翌朝、ボールンの街を出港したスキーズブラズニル号。

厄介な存在に目をつけられたようだが、今さらそんなことを気に()むような公爵閣下と国王陛下ではない。


「アベル以上に厄介な存在など、そうはいませんからね」

「投票したら、俺なんかよりもリョウの方が厄介だという結果が出るだろうがな」

「お金で票を買って僕を追い詰めるのですね! さすがは悪徳王アベルです」

「うん、買収なんかしなくともそんな結果が出ると思うぞ」

今日も、二人がいる甲板(かんぱん)は平和である。


甲板の一角では騎士たちが剣を振るい、乗組員たちは仕事に励む。

先ほどまで剣を振るっていたアベルは、今は本を読み、涼は氷の板に記述された魔法式を見ている。

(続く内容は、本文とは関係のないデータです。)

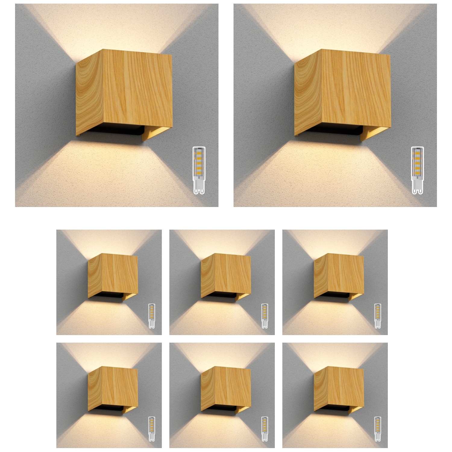 ledscom.de 8 pièces Applique murale CUBEL pour l'extérieur, IP65, Up-/Downlight, aspect bois, carrée, 1x G9 max. 10W
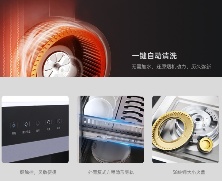 貼心細節(jié),匠心呈現(xiàn):一鍵自動清洗功能,無需加水,內(nèi)部快速去污,還原煙機動力,歷久彌新。
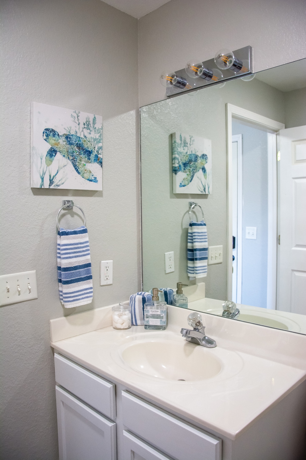 With two full baths, there is ample space to freshen up during your stay. The primary bedroom has a private bathroom, while the family bathroom serves the rest of the household. Complimentary toiletries and fresh towels are supplied for your convenience.

「見ている魔法式は、例の棺桶(かんおけ)……レグナ殿が入っている箱のか?」

「ええ、よく分かりましたね」

「見覚えのない文字っぽいものが、たくさんあるからな」

「そうなんですよ。全く意味が分からないんですよね」

そう言う涼は笑顔だ。

それもかなりの笑顔だ。


「なぜ意味が分からないのに笑顔なんだ?」

「え? なぜ? 楽しいから笑顔なんですが」

「楽しい? 分からないんだろ?」

「分からないのが楽しいのです」

「……そうか」

涼が笑顔のまま答え、アベルはよく分からないまま受け入れる。



『分からないのが楽しい』……多くの分野において、一流以上になると、この感覚が芽生(めば)える。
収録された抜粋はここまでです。